Israel's military said about 100 people converged on the tomb of the Joseph in the Palestinian city of Nablus and set parts of it ablaze before Palestinian security forces arrived and pushed them back. Hours later, a Palestinian posing as a journalist wounded an Israeli soldier with a knife before being shot dead near the town of Hebron, the Israeli military added. Reuters television footage showed the Palestinian rolling on the ground and surrounded by Israeli troops after the attack. He was holding a knife and wearing a fluorescent yellow vest over a t-shirt marked "PRESS".

A military statement about the shrine attack said: "We view this incident with gravity and strongly condemn any attack on holy sites.
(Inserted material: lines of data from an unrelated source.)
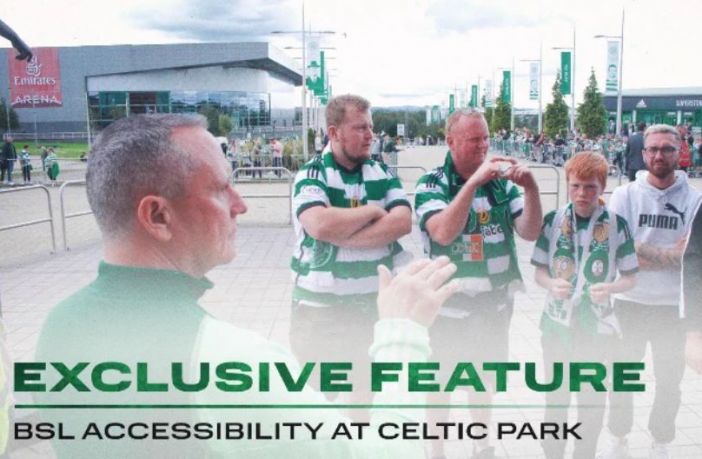 The Celtic YouTube page has uploaded a video showing the introduction of the BSL interpreter that will support deaf or deaf and blind Celtic fans on match days.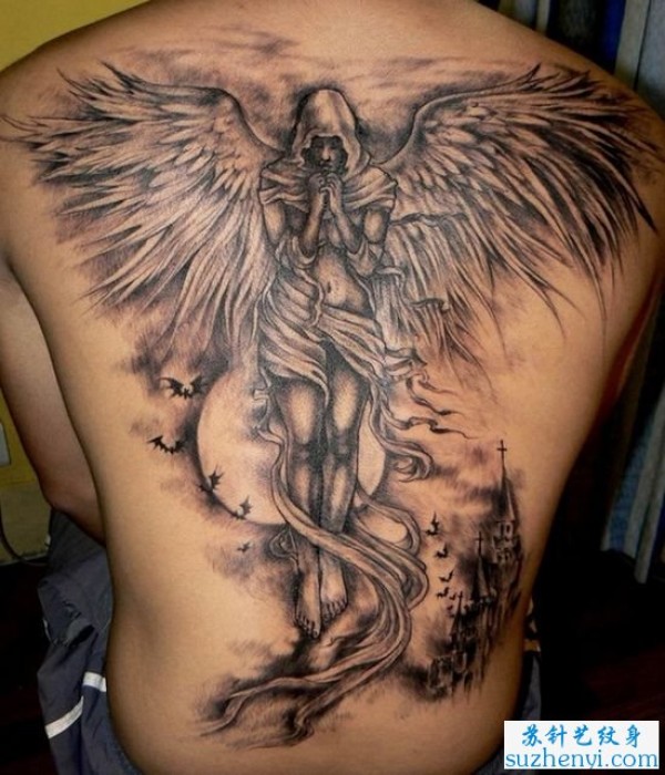 后背纹身图案大全超酷超帅的满背天使翅膀纹_天使纹身图案大全_纹身图吧
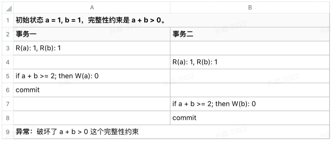 事务是满足快照隔离的,不存在不可重复读和幻读。存在写偏斜(WriteSkew)异常:读和写之间没有并发控制。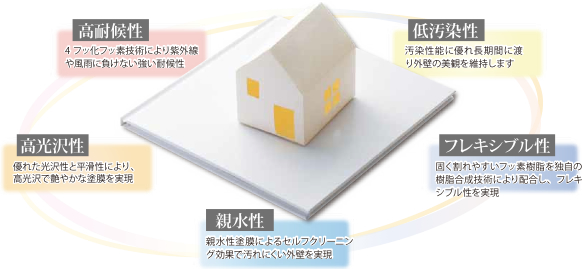 フッ素4Fは、建物を長期間に渡り守り続け、美しさを保つ建築用フッ素塗料の新基準です。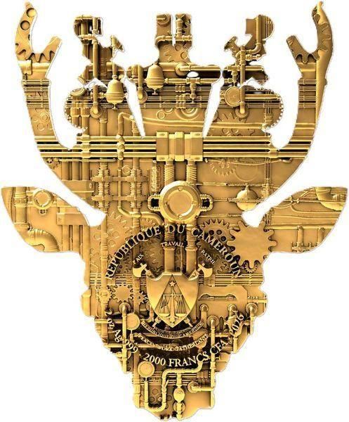 2026 2oz Cameroon MECH ANTLERS Steampunk Allegiance Gilded Silver Coin 2000 Francs

We will find and arrest those who set the fire." Joseph's tomb has been venerated for centuries by Jews, Samaritans, Christians and Muslims. Palestinian President Mahmoud Abbas condemned the attack. He ordered the damage to be repaired and opened an investigation into the arson. A statement from his office said Abbas "stressed his rejection of these actions and all actions that violate law and order, and which distort our culture, our morals and our religion".

Violence also broke out in the Gaza Strip when Palestinians approached the border fence with Israel. They threw stones at soldiers, who opened fire. The Israeli military said hundreds of people gathered along the border, some hurling rocks and burning tyres at the fence. A military spokeswoman said troops "are operating to prevent further escalation of violence using riot dispersal means and firing towards main instigators."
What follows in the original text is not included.